The production workflow treats the voice call as intake. The agent can have a friendly tone, but its job is to complete a structured record, confirm uncertain facts, and hand off to a human when the caller asks for pricing, legal commitments, or urgent scheduling.

Implementation approach

Define the call objective before the persona. The objective should list required fields, optional fields, disallowed decisions, escalation triggers, and what counts as a completed call.

Use a server endpoint to create the realtime session and return a short-lived client secret to the browser or phone client. Keep business tools behind your server. The voice agent can request actions, but the server must authorize them.

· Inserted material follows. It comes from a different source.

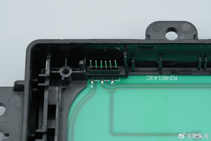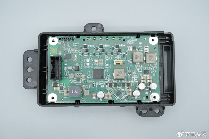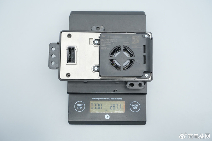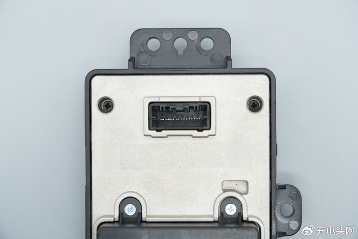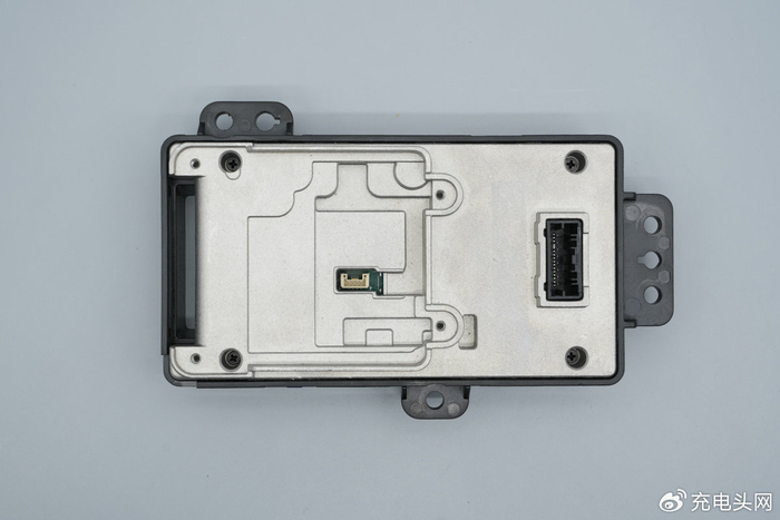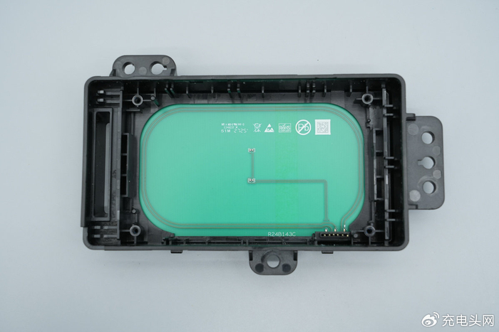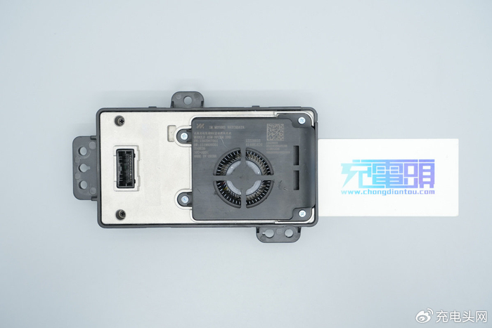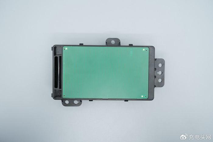 充电头网淘到了智己50W车载前装无线充电模块,这款模块内置NFC功能,设有PCB屏蔽面板,安装在装饰面板下方。模块设有一个充电位置,背面采用铝合金外壳,并设有散热风扇,由底部吹出空气为手机和无线充电器散热。

Store the transcript and structured outcome. For intake calls, the durable artifact is not only audio or chat history; it is the normalized lead record that an operator can review.

Code or config snippet

type IntakeOutcome = {
  customerName?: string;
  company?: string;
  problem: string;
  deadline?: string;
  budgetSignal?: "unknown" | "low" | "medium" | "high";
  missingFields: string[];
  escalationReason?: string;
  recommendedNextAction: "send_followup" | "schedule_call" | "human_review";
};

const requiredFields = ["problem", "preferredFollowUp"];

function isComplete(outcome: IntakeOutcome) {
  return requiredFields.every((field) => !outcome.missingFields.includes(field));
}

Mistakes to avoid

  • Do not optimize the voice personality before defining the business outcome.
  • Do not let transcripts disappear after the realtime session ends.
  • Do not rely on the model to remember every required field without a checklist.
  • Do not let the browser receive long-lived API keys.
  • Do not treat interruption, silence, and background noise as edge cases; they are normal voice states.

Ready checklist

  • Call objective and required fields are documented.
  • Client sessions use short-lived credentials.
  • Transcript events are stored with safe retention rules.
  • The outcome is extracted into structured fields.
  • Escalation triggers are tested with realistic calls.
  • Operators can edit and approve the call summary.

Practical tip

Add a visible missing-fields panel for the operator. It makes the voice agent easier to QA because reviewers can immediately see whether the call captured the facts the business needs.

Practical note
Voice agents need operational memory.

A good realtime experience should leave behind a reviewable record, not just a pleasant conversation.